I do agree that bed making should be painless, getting bits from here and there, assembling them, using parts of the front seats were all no nos for me. Its always good asking the demonstrator to show making the bed and from his/her body language and excuses you begin to get an idea of the difficulty or otherwise all before you try it yourself. One I saw seemed to use every bit of the luton to store bed parts in!

We eventually compromised with a rock and roll bed like on some vw campervans, all up quicker than you can describe it and by one person.

Regards Frank


----------



## Grizzly (May 9, 2005)

Making up a bed was much easier when we stopped trying to use fitted sheets. The 3 beds we have had all made up very easily as regards cushions with no little cushions to be fitted in but we did turn over the cushions to make the surface flat. That in itself was a trial in a confined space as they are quite heavy. Then you rub all the skin off your knuckles and strain your back as you push the sheet down the edges and then you watch it all spring out of position again as you pull the last bit taut. No thanks !

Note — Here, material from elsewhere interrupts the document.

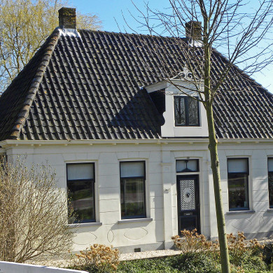 Eenvoudig bakstenen huis onder schilddak, gevel gepleisterd.

As mentioned above I used a covered duvet as a bed base and another on top - or two of each when we went to single beds. It does mean you can take a thick and a thin one and change top to bottom when the weather warms up or cools down.

G


----------



## Forrester (Aug 18, 2006)

We are a retired couple who like a bevvy in the evening & there's no way we would have a M/H without a fixed bed which is ready to roll into at night.   The only downside is as our bed is across the back of the M/H, the one on the inside has to be more athletic to visit the loo :!: {I sleep on the outside}:wink: 
Our lounge/dinette is L shaped running down the side of the M/H & with a removable table we have ample space for 2. The telly sits on the worktop opposite.
Really it depends on no. of people & personal requirements.
Forrester.


----------



## Autumn (Jul 9, 2006)

Many thanks to all who offered advice about a fixed bed or no fixed bed. All made interesting reading - Helen, imagining unpacking the shopping in the van is a good idea. I know I have taken a while to respond but I have since been to the Peterborough Motor Home Show. That helped me put the Devon Monte Carlo on top of my list. It has the option of a fixed rear bed - which is not claustrophobic and, as one contributor pointed out, in the winter more space may be welcome, it has the advantage of becoming a second dining area too. It also has the potential to be a four berth.

There are still others on my list I want to see but you can read my 'love affair' with the Devon here, on another thread, in Motorhome Shows forum.

Autumn


----------